Need a workout? Forgo the high intensity interval training this week and go for an aimless walk in your neighborhood. Leave your air pods at home and, instead, look for golden leaves. Go home and do twenty jumping jacks in your kitchen, then dance around your house singing ridiculous songs like “Brandy, You’re a Fine Girl” and “Baby, I Love Your Way.” Pretend to be LeBron James and throw socks into the washing machine from far away, then cheer for yourself when you make the shot.
If you’re not sure who you’re voting for, spend one day listening only to the words that come out of the candidates’ mouths. For one day, don’t listen to a single word that’s said about the candidates, not one word from friends or family, not one word on a flyer or poster—only the words the candidates themselves say. Write the words down if you can. Look hard at the piece of paper, the words in your own handwriting that can’t be argued with.
Dress up as something silly for Halloween and eat candy corn until your stomach hurts. If you have trick-or-treaters, give out full-size candy bars and tell all the kids their costumes look awesome. Make costume awards out of printer paper and pass them out to your favorite children. Or cook a big pot of chili and invite your neighbors over. Don’t ask them who they’re voting for and give them plenty of cornbread.

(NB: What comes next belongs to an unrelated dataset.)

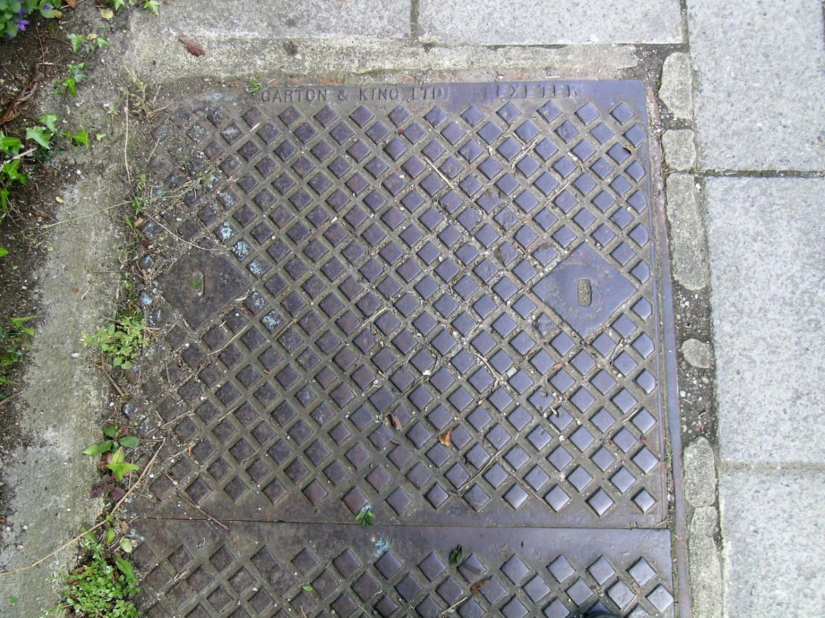 Manhole Diagonally Split Name on both Triangles in longest side EXETER Nr Cleveland St |
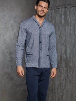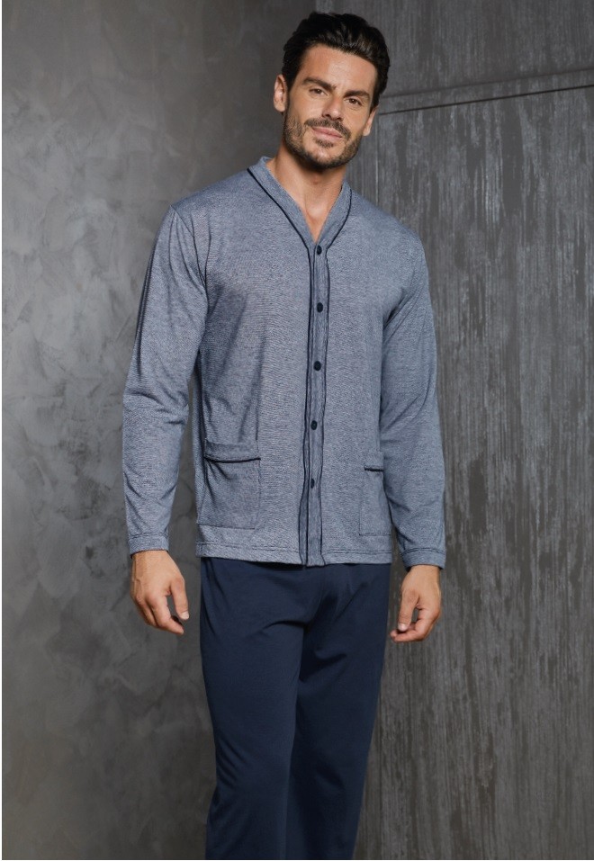 Pigiama jacquard lungo composto da maglia aperta con tasche abbinata a pantalone lineare

Help someone. Make a meal for somebody, or donate some winter coats, or rake your neighbor’s leaves—even (especially?) if they’re voting for the other candidate. Buy local art or bread or vegetables. Go ahead and start making the world you want to live in because no one else is going to do it for you.
Look up from your phone. Break the spell of influence. Interrupt the rhythm of dread and gloom. For a few days, refuse to reward people who stoke fear and say outrageous things. Play a board game inside your house or do something else that can’t be tracked, surveilled, or polled. Give yourself enough of a break that all the outside voices leave your mind. Think about who you’d want to be if you lived in a completely different time and place. Be that person now.
Leave the kids out of it. Resist the urge to indoctrinate them in your way of seeing this election. Resist piling your anxieties and grievances on their little shoulders. Tell them your family will be the same people with the same values on November 6th. Tell them they might see angry people or overhear mean things, but mostly those things are done by people who are afraid. If you have kids in your life, make sure they know love is bigger than fear. Make sure they understand that no matter what happens in the world, some meaningful part of them will always remain beyond others’ control.
If you have to watch or listen to the news (which you don’t), make a game out of listening for the stories behind what you’re being told. Only what happened is a fact; everything else is what someone is making of that fact. When people talk about the election, ruthlessly sift out their intentions and emphases and biases. Hold just the hard kernel of the fact in your hand, and decide what story you think is true about it.
Think now, before votes are counted, about what seems like a crazy election outcome or leadership action you’d never tolerate. Articulate those things to yourself. Maybe even write them down somewhere. Like the way kids grow taller without our noticing the incremental changes, societies can become inured to violent language or actions. If the line of what a society will accept keeps moving, we may end up tolerating more than we meant to. Don’t.
When you go vote, take warm muffins with you. Pass them out to everyone in line. Let the news write a story about that.
Prepare for the long haul. This isn’t going to be over on November 5th, so put something on your calendar for late November that you’re excited about. Schedule a yoga class or a dinner out with friends. Then schedule something in December, too. When it becomes January and everyone is still in a panic, remind yourself that this was always going to happen. Zoom out and pretend you are looking at your life from the perspective of a future historian. Imagine the historian writing something in a future book like, “Almost all of America started fighting with each other, but some people kept on loving.”
Be those people. If the people in a society take care of one another, no leader, no matter how powerful, can make of that society anything other than a society that takes care of one another.
Wise. My daughter is all grown up (and a reporter!) but I cannot imagine what living through this with late elementary or middle school students must be like. Number 10 and 11 particularly resonate.
I also like to reflect on times in the distant past when things were so much worse. For example the St. Bartholomew's Day Massacre in 1572, part of the French Wars of Religion between Catholics and Protestants. While not technically political violence, it was sparked by a political marriage, with citizens turning on each other and a death toll of between 2,000 - 20,000 or more depending on what sources you look at. We've come a long way since then, actually.
Best suggestions I have heard in a long time!